I’m the author and editor of go/in, Google’s internal guidance for inclusive marketing. Beyond the brand guidelines, I also teamed up with an impressive crew for creative ideation and copywriting to help promote our new work internally to thousands of employees.

What I did

 

Project

  • Role: Brand Writer + Editor in Chief, Standards (go/standards)

  • Company: Google’s Brand Studio

Problem

Inclusive marketing is a priority at Google. While they had some guidance previously, it wasn’t actionable and it lacked the nuance needed to help make marketing and advertising better.

As the brand writer, I helped shape the content, narrative, and tone in addition to supporting the internal campaign work that would help generate awareness of the new guidance.

Solution

  • Partnered with a team of creatives and strategists to produce new guidelines that reflected the research and insights that prompted the revamp.

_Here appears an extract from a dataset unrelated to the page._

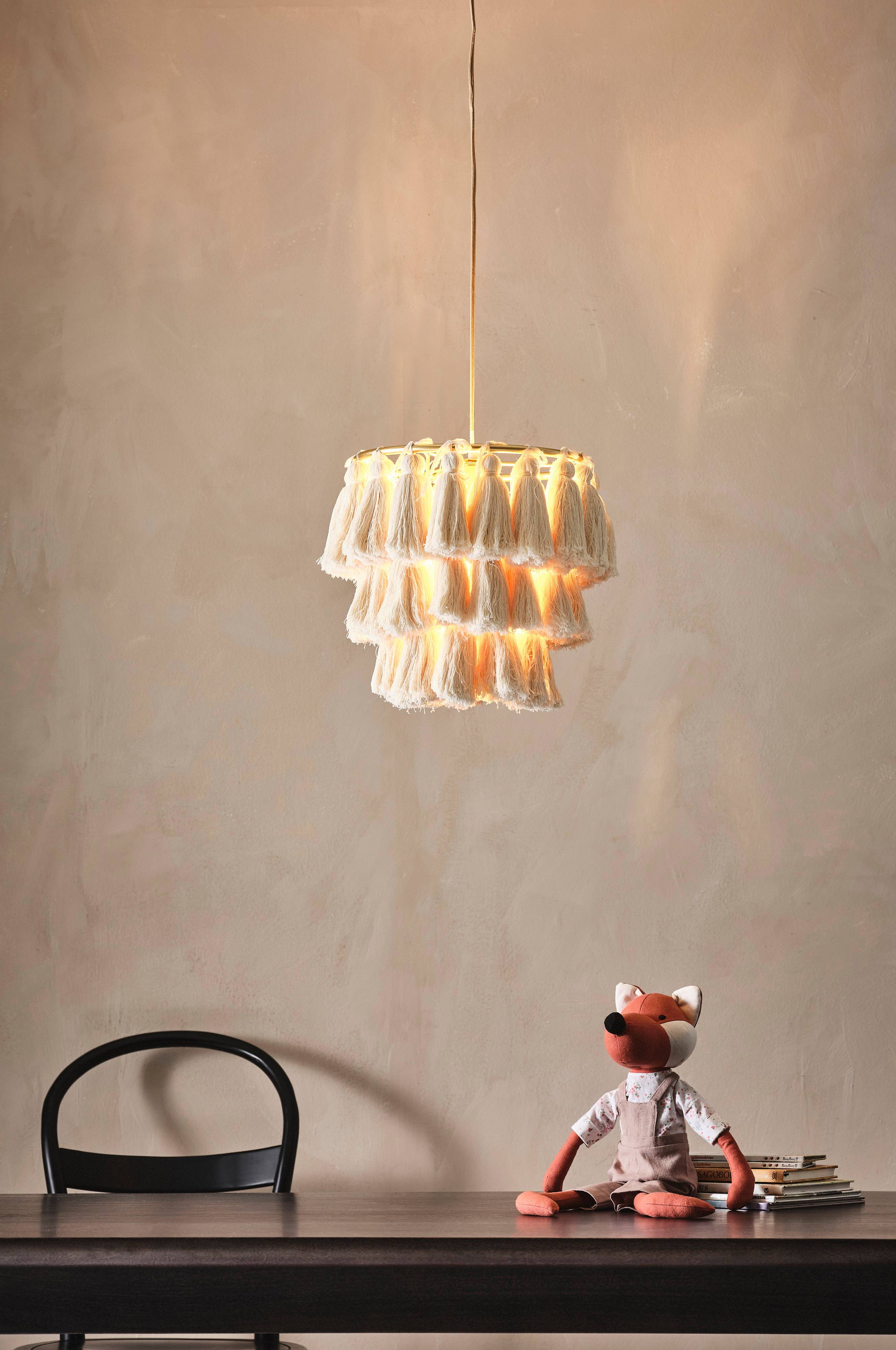 Een hanglamp van goudkleurig metaal en grote decoratieve kwasten van katoenen garen. MILLAU is een unieke lamp die opvalt en de gezelligheidsfactor in iedere ruimte verhoogt. Textielsnoer, lengte 0,85 m. Exclusief plafondstekker op grond van nieuwe EU-regelgeving. Een plafondstekker is los verkrijgbaar en heet ROOF MOON plafondstekker.

  • Made the home page a welcoming place that shared our manifesto.

  • Made the guidelines actionable with steps (before, during, after, and audience-specific, plus live examples.)

  • Leaned on benefit messaging in addition to product and customer insights to conceptualize the campaign components.

Impact

  • Company-wide brand and marketing guidelines for inclusion hosted on internal brand guidelines website go/standards, impacting thousands of Google creatives, marketers, and agencies.

  • Syndicated on go/marketing, Google’s internal marketing website.

  • These guidelines were used to develop executive thought leadership in 2019 for Adweek, and as public guidelines in 2021.

Writing examples

 

Friendly home page messaging

This was our chance to share the group’s thinking about why inclusion matters. It reads as a manifesto because it is one.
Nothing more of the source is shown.